▶ **REQUIRED WORK**
Begin at the line with "Meia Sapatilha Antiderrapante" and set down each line exactly until the listing ends. Images stay out.

ENTRIES SUPPLIED START

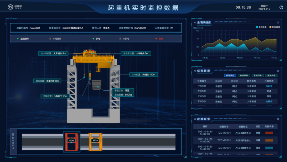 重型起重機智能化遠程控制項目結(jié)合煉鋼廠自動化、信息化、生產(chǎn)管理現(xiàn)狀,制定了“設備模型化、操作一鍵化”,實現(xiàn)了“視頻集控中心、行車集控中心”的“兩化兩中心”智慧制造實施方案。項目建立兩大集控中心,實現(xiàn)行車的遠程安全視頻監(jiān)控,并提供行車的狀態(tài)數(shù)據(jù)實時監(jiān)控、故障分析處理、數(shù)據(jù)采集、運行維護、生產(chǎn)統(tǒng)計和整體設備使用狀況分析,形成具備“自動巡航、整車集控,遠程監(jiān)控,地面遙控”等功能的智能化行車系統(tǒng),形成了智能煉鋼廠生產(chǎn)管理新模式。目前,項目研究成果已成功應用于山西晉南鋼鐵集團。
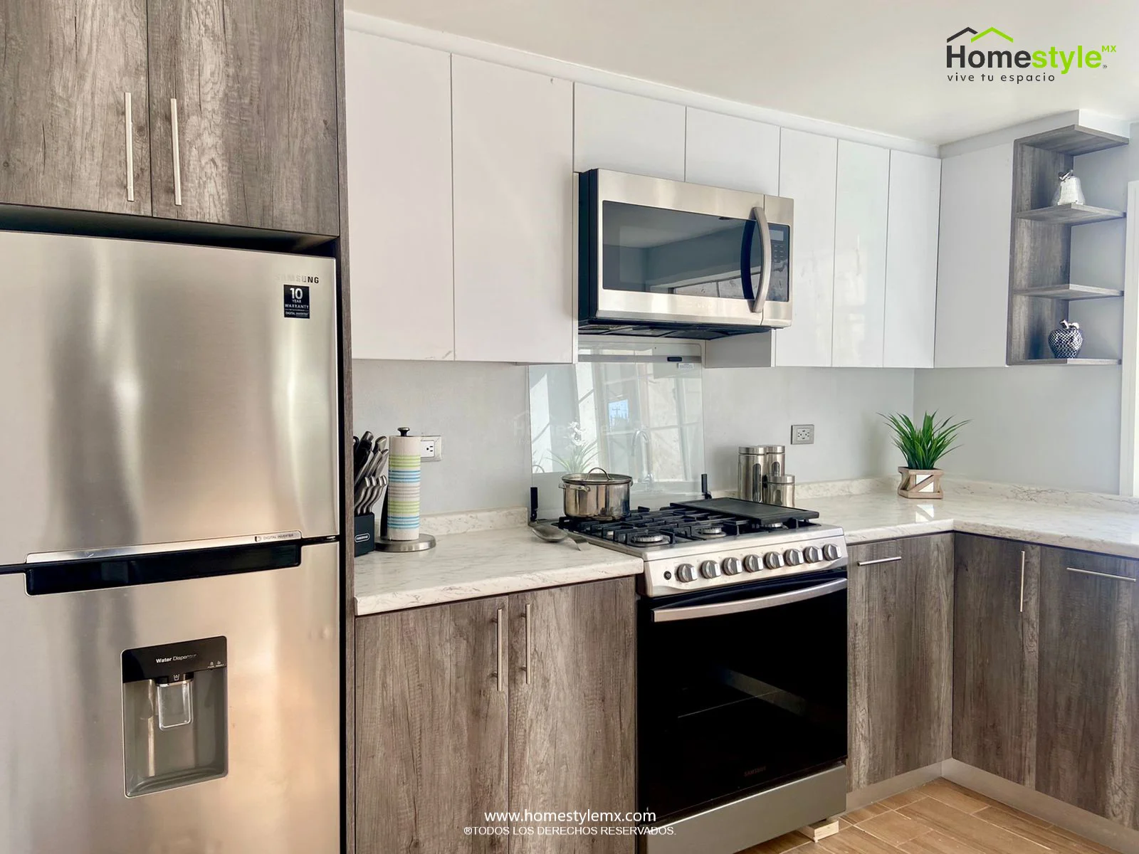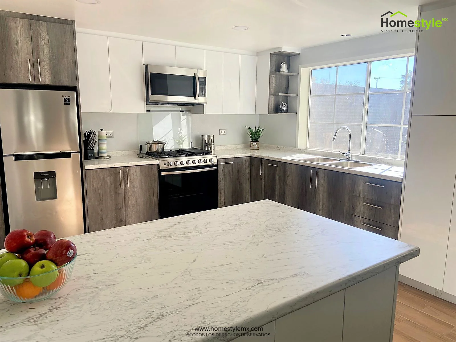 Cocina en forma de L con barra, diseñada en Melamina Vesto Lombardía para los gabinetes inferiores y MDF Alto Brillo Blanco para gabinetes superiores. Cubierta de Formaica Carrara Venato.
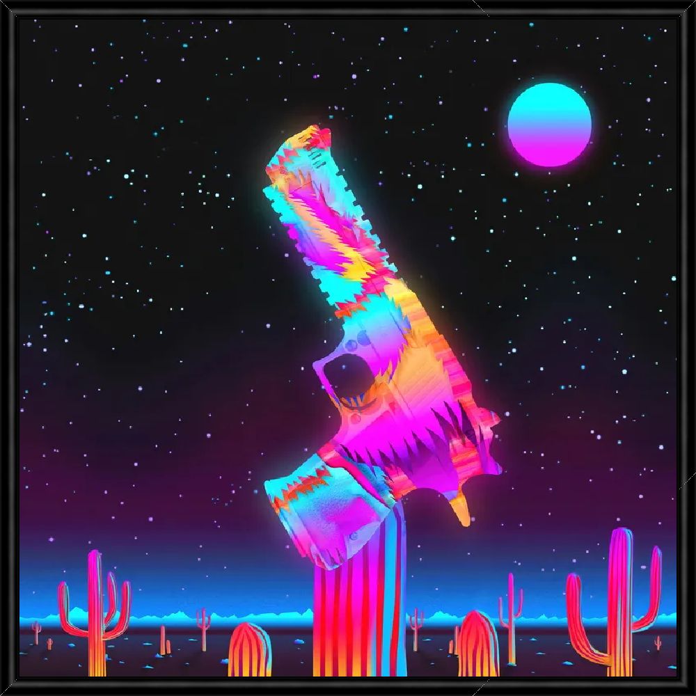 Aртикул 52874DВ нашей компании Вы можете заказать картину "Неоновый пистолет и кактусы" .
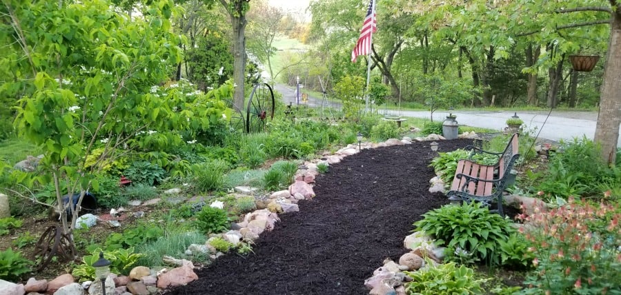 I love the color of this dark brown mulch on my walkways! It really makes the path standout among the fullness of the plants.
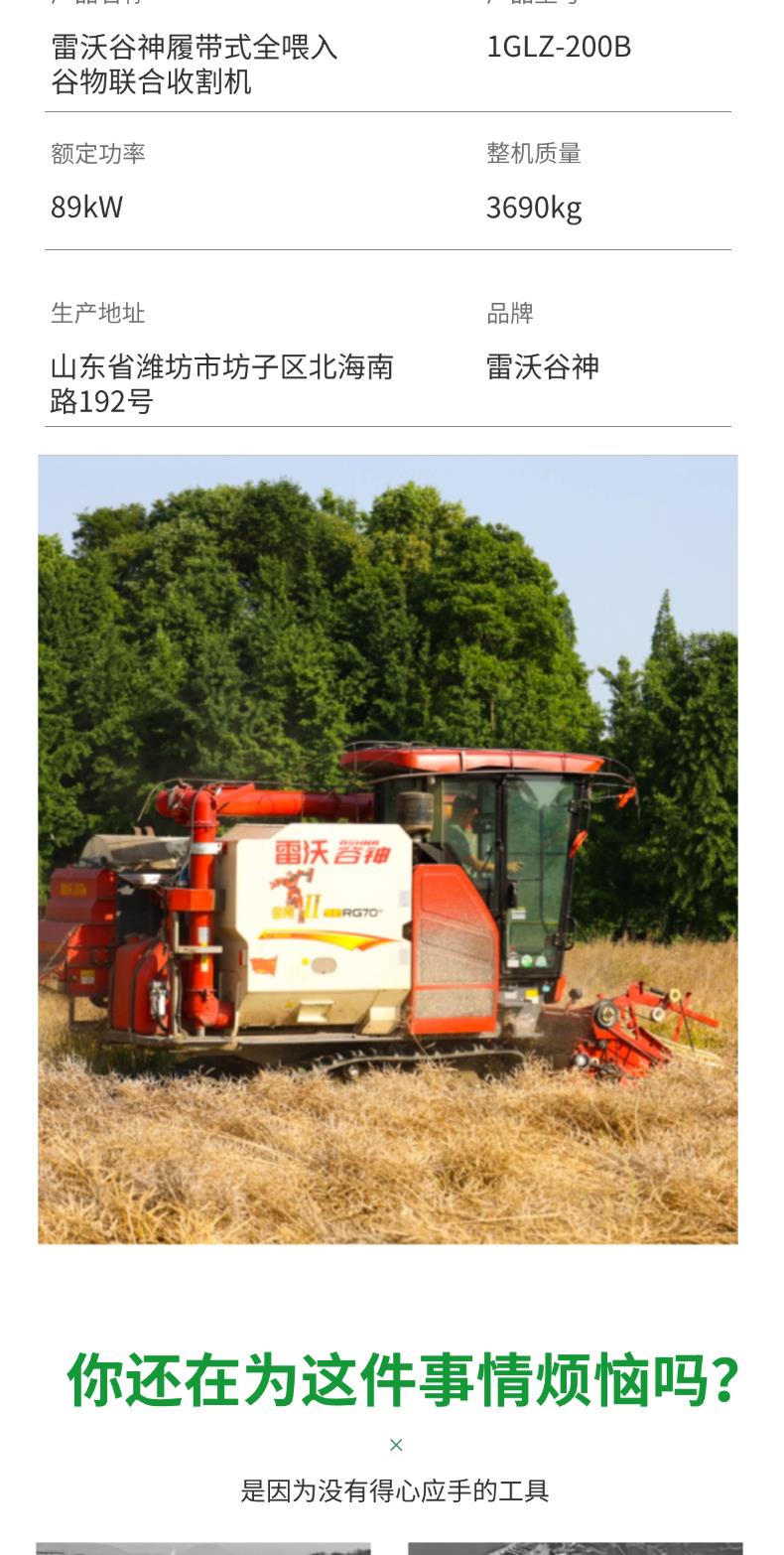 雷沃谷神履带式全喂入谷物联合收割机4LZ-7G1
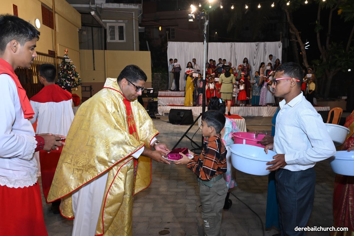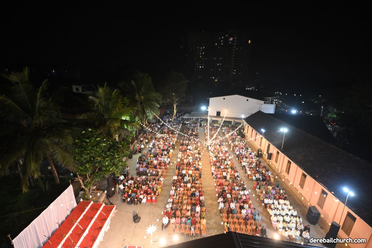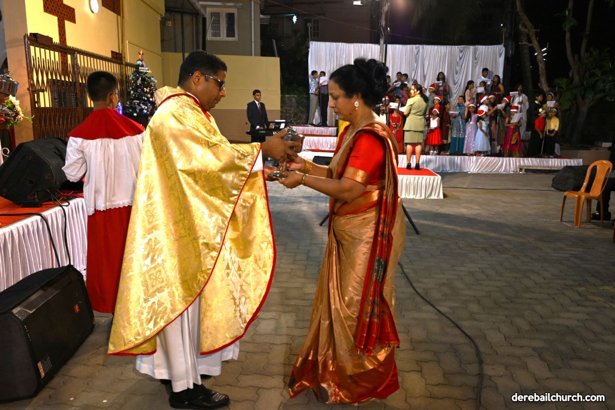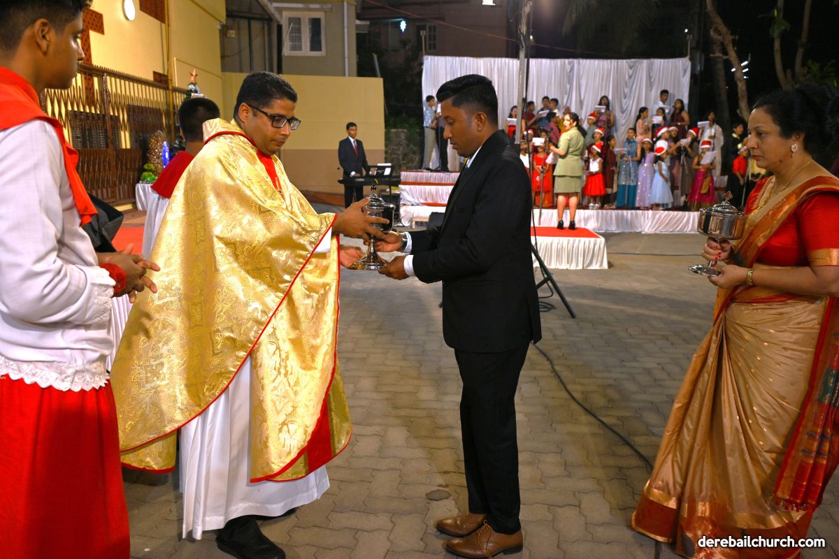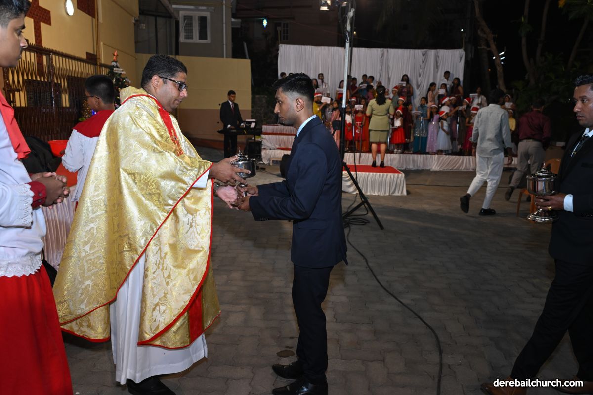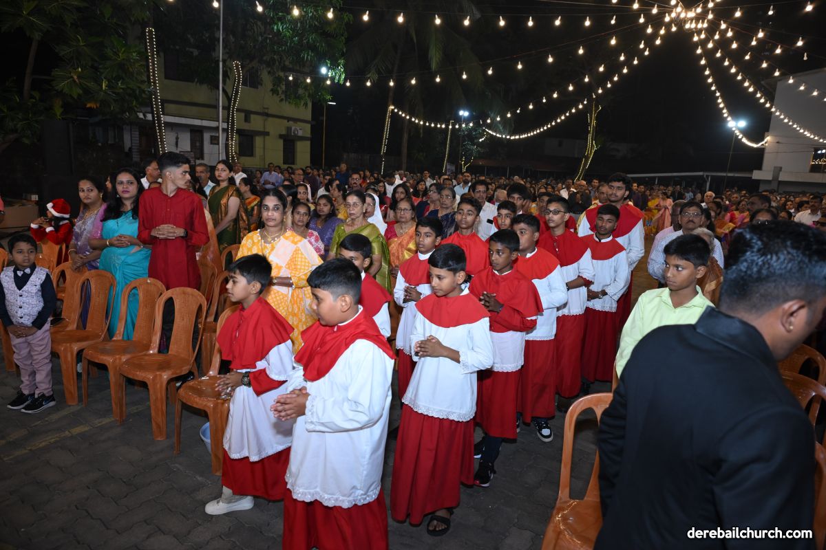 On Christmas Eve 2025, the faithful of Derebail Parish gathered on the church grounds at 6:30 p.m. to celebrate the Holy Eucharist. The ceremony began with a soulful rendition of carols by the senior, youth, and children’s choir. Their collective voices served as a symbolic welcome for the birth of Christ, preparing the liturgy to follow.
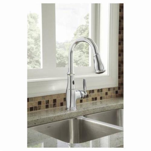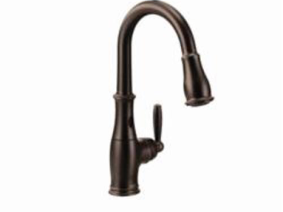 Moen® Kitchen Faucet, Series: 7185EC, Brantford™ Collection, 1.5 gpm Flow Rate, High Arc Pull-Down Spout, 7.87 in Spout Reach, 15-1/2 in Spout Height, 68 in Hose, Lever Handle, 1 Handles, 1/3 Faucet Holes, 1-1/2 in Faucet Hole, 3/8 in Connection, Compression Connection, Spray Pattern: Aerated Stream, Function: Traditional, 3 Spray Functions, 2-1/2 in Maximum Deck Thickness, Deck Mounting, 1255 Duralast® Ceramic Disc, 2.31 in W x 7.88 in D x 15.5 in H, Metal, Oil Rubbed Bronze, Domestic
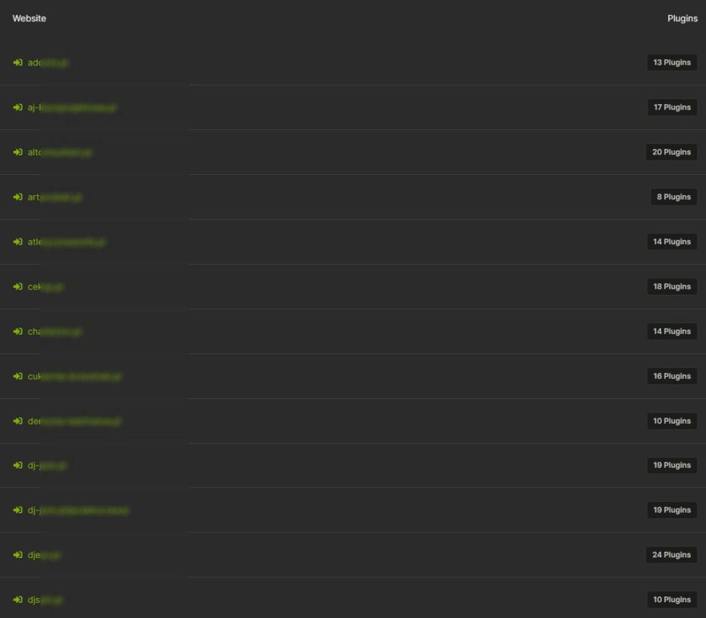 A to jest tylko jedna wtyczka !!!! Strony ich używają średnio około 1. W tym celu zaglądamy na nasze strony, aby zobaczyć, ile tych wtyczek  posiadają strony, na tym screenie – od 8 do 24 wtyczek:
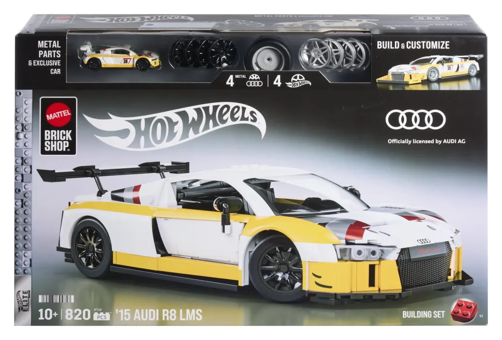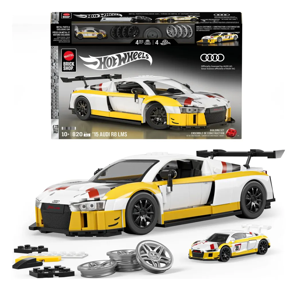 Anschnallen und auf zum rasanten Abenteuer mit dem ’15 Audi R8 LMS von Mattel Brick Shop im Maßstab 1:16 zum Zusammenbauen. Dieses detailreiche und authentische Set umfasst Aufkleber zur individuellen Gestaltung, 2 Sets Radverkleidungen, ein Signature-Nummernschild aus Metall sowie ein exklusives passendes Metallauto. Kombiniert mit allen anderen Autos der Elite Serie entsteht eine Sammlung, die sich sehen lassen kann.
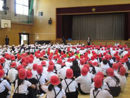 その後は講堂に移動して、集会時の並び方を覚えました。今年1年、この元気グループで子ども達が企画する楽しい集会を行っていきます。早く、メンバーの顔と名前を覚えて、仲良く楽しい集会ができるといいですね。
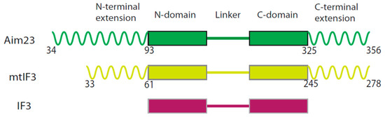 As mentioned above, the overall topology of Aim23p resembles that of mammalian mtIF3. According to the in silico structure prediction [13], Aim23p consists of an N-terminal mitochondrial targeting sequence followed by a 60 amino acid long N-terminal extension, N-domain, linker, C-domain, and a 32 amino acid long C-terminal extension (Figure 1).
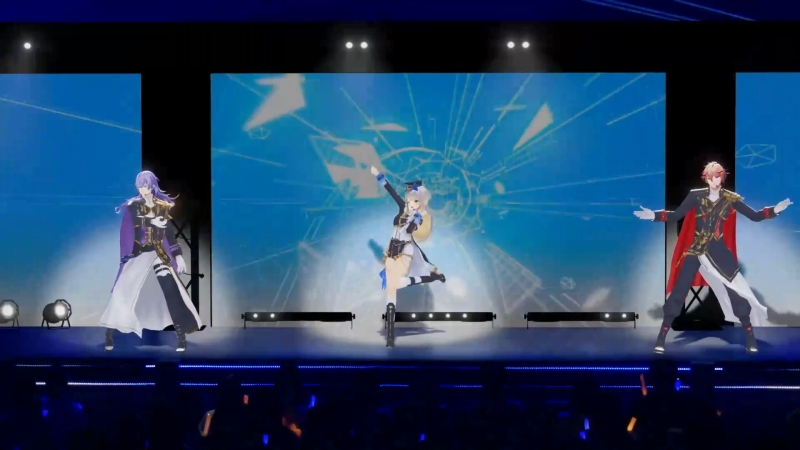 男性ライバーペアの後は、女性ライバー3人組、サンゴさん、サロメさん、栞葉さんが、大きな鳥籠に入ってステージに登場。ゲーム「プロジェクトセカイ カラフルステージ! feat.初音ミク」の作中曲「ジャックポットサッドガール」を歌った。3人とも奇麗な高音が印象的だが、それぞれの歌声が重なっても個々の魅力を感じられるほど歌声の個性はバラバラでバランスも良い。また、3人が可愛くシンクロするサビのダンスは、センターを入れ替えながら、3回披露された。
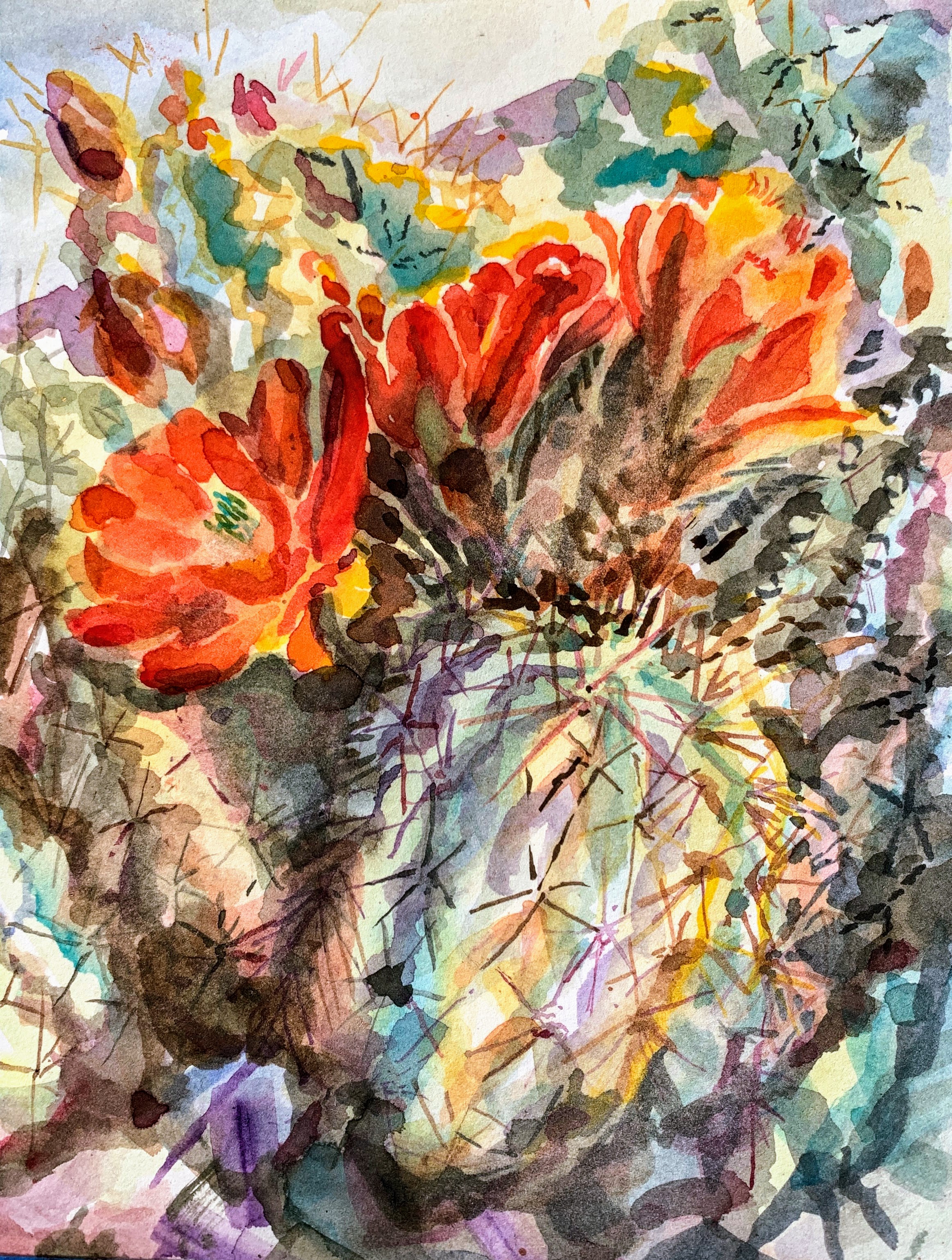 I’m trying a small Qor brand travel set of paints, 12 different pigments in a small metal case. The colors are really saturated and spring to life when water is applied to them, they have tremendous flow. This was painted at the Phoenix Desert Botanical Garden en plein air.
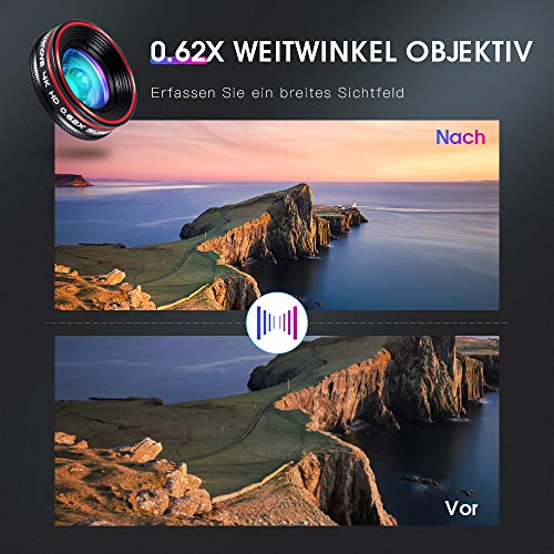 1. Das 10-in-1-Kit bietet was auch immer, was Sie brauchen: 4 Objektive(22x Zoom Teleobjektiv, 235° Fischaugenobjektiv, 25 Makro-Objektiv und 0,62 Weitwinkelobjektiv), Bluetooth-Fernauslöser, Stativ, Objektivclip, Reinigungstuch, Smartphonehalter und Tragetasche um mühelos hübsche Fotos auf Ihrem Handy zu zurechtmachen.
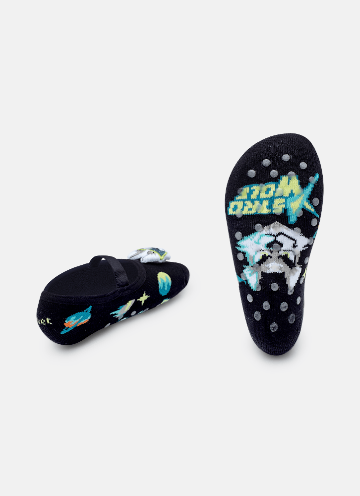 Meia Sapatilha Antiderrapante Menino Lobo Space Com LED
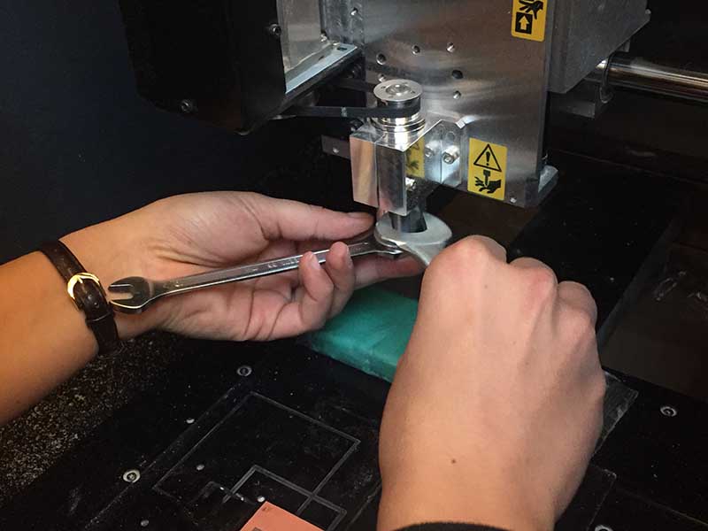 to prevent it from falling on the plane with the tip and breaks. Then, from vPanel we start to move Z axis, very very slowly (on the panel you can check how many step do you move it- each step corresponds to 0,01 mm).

ENTRIES SUPPLIED END

▶ **RESPONSE AREA**
 Meia Sapatilha Antiderrapante Menino Lobo Space Com LED
 to prevent it from falling on the plane with the tip and breaks. Then, from vPanel we start to move Z axis, very very slowly (on the panel you can check how many step do you move it- each step corresponds to 0,01 mm).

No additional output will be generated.